Sacro Bosco (“Sacred Grove”) is the starting point for Anna von Hausswolff’s new album All Thoughts Fly, incoming on Southern Lord on 25th September. Here in solo instrumental mode, the entire record consists of just one instrument, the pipe organ, and represents absolute liberation of the imagination. All Thoughts Fly radiates a melancholic beauty, and is distinguished by fluid transitions of contrasting elements; calmness and drama, harmony and dissonance, much like the place that inspires the music....
Sacro Bosco is a garden, based in the centre of Italy, containing grotesque mythological sculptures and buildings overgrown with vegetation, situated in a wooded valley beneath the castle of Orsini. Created during the 16th Century, Sacro Bosco was commissioned by Pier Francesco Orsini, some say to try and cope with his grief following the death of his wife Guilia Farnese, others speculate the purpose was to create art.
About the album Anna explains “there’s a sadness and wilderness that inspired me to write this album, also a timelessness. I believe that this park has survived not only due to its beauty but also because of the iconography, it has been liberated from predictable ideas and ideals. The people who built this park truly set their minds and imagination free. All thoughts fly is a homage to this creation, and an effort to articulate the atmosphere and the feelings that this place evokes inside of me. It’s a very personal interpretation of a place that I lack the words to describe. I’d like to believe Orsini built this monumental park out of grief for his dead wife, and in my Sacro Bosco I used this story as a core for my own inspiration: love as a foundation for creation.”

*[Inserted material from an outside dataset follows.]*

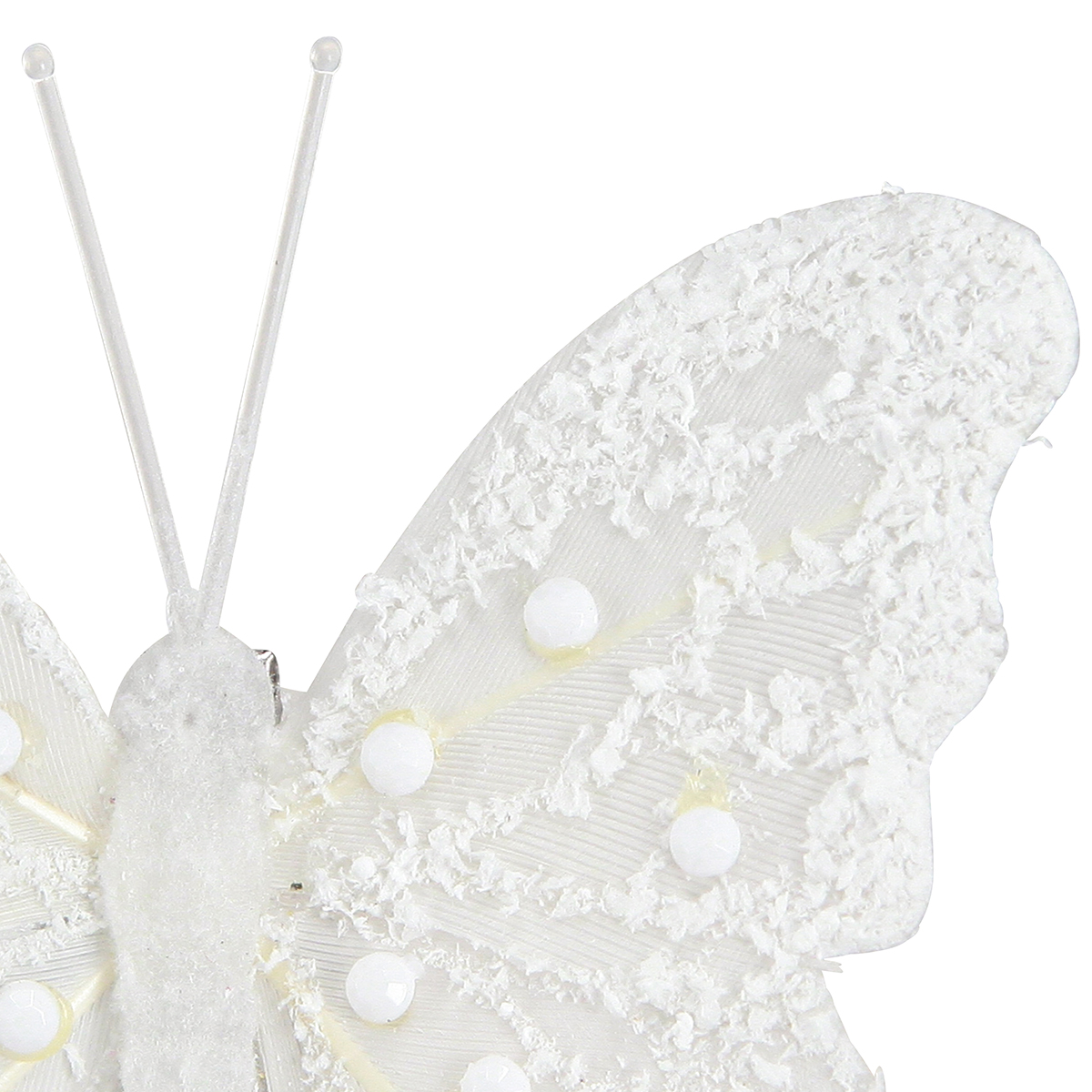 Enchant your arrangements and wreaths with this enchanting butterfly decoration on a clip in brilliant white. The delicate wings, decorated with white flakes and pearls, bring the charm of spring into your home.

Anna summarises, “Sacro Bosco in Bomarzo is a creation carved out from one man’s head. A frozen thought lasting throughout time and touching people across generations. All thoughts fly, Ogni Pensiero Vola, is about this: the importance of sharing for surviving, creating space and evolving. Once you’ve shared your words they are not only yours anymore."
All Thoughts Fly ultimately embodies the exploration of any and all possibilities, and the audience is invited to listen, liberate the mind and let it wander.

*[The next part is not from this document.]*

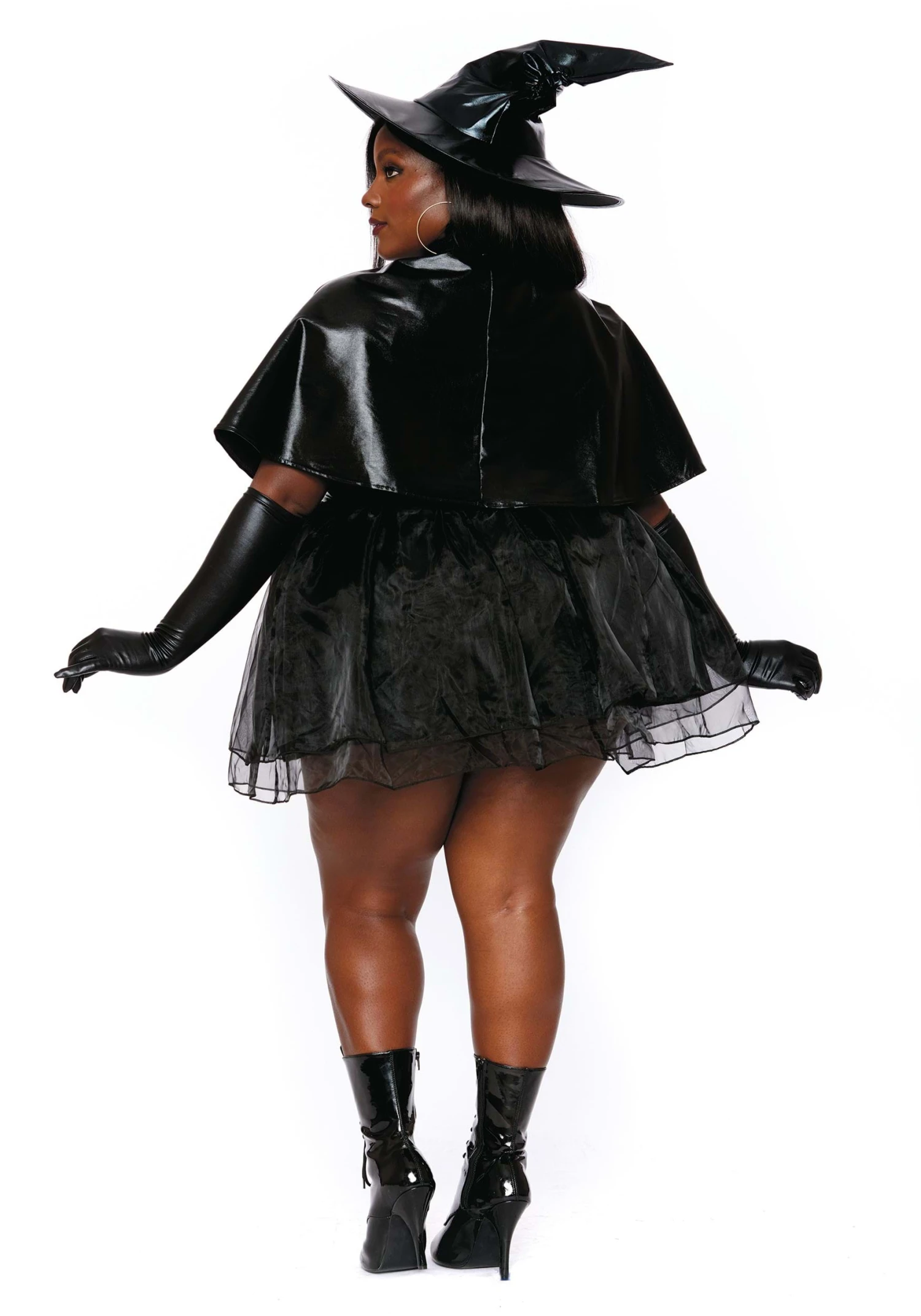 - Wet look cape has hook and loop fasteners that secure to the dress

Notes on the recording process:
The organ on All Thoughts Fly is situated in Gothenburg and is a Swedish replica of the Arp Schnitger organ in Germany. It is the largest organ tuned in Quarter-comma meantone temperament in the world. With it’s four manuals, one pedal and 54 stops, it was built as part of a ten-year research project reconstructing 17th Century North German organ building craft. The tuning temperament is an important detail to note here, as it deeply affects the sound and tuning, and thus radically changed the process of creating this album. Anna speaks of a pleasant surprise during recording, the organ's ability to create beautiful "pitching" notes through its stops and air supply system. She remarks “We took advantage of this so most of the pitching sounds and notes that you hear on the album comes from the mechanics of this organ, effects made entirely acoustically." The organ was recorded with two room mics for atmosphere and two pairs of close mics placed inside the organ to capture nuances and detail for further organ sound processing by Filip Leyman in his studio.